Xi Jinping, China’s president

China’s scrap metal imports in March fell by 24.6 per cent from a year ago as new curbs on foreign solid waste came into effect.

Meanwhile, waste paper imports slid by 54.2 per cent, just as the country imported zero waste plastic.

New impurity limits has been set at one per cent for nonferrous metal and at 0.5 per cent for paper, plastics and ferrous metal.

They were announced by China last year but only officially came into force on March 1 and had already impacted shipments.

China imported a total of 570,000 tonnes of scrap metal last month, the General Administration of Customs said on Monday,adding that 760,000 tonnes were imported a year ago and 440,000 tonnes in February when the country had a week-long holiday for Lunar New Year.

Scrap copper imports were at 220,000 tonnes last month, down 37.7 per cent from March 2017.

China’s Ministry of Ecology and Environment last week confirmed that imports of Category 7 scrap copper – such as coiled copper cable and waste motors – would be banned from the end of this year.

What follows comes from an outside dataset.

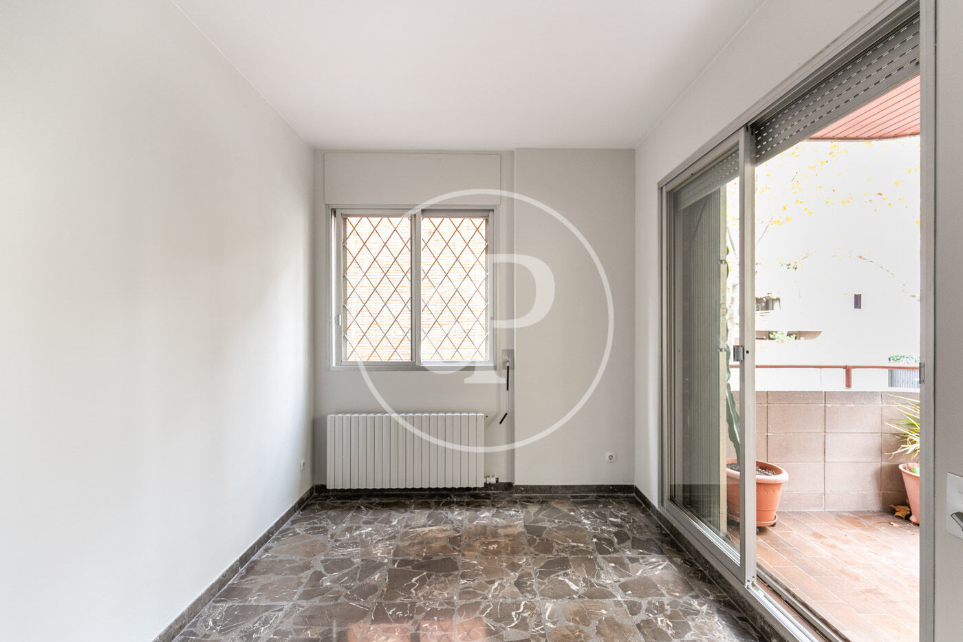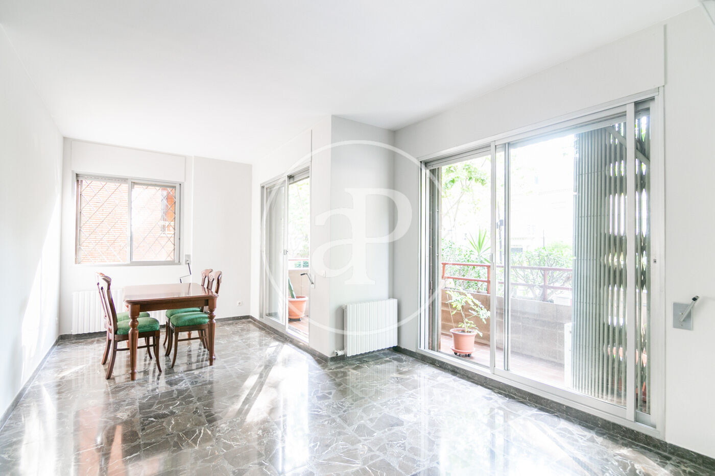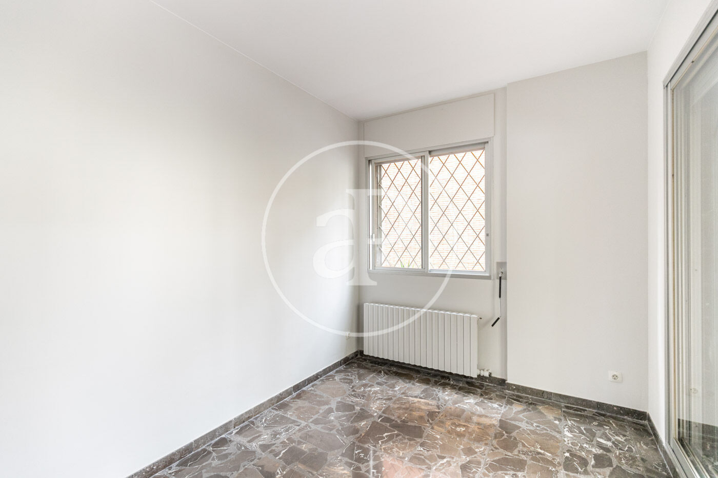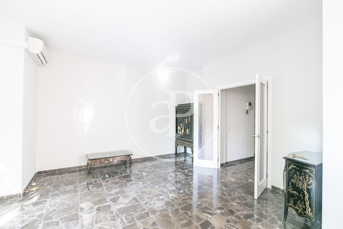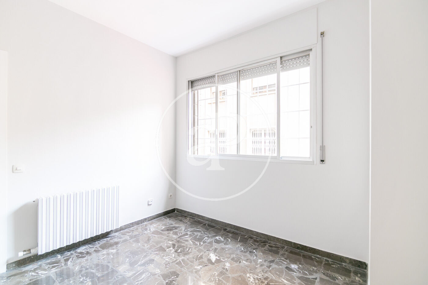The flat has marble floors (with the option of installing parquet), air conditioning in the living room, and gas heating by radiators.

Import quotas for scrap copper have already been falling.

Meanwhile, China imported 180,000 tonnes of aluminium scrap last month, up from 119,737 tonnes in February, but down 5.6 per cent year-on-year.

China said on April 2 that it would impose a 25 per cent tariff on aluminium scrap from the United States in response to U.S. steel and aluminium tariffs imposed in March.

Waste paper imports were 1.42 million tonnes last month, down 54.2 percent from a year earlier, but up from 1.27 million tonnes in February.

Meanwhile, waste plastic imports were at zero, and were just 10,000 tonnes for the entire first quarter after coming in at virtually zero in February.

China’s overall-imports of foreign solid-waste – including waste-paper, waste-plastics and scrap-metal – fell by roughly half from a year ago to two million tonnes in March, data showed.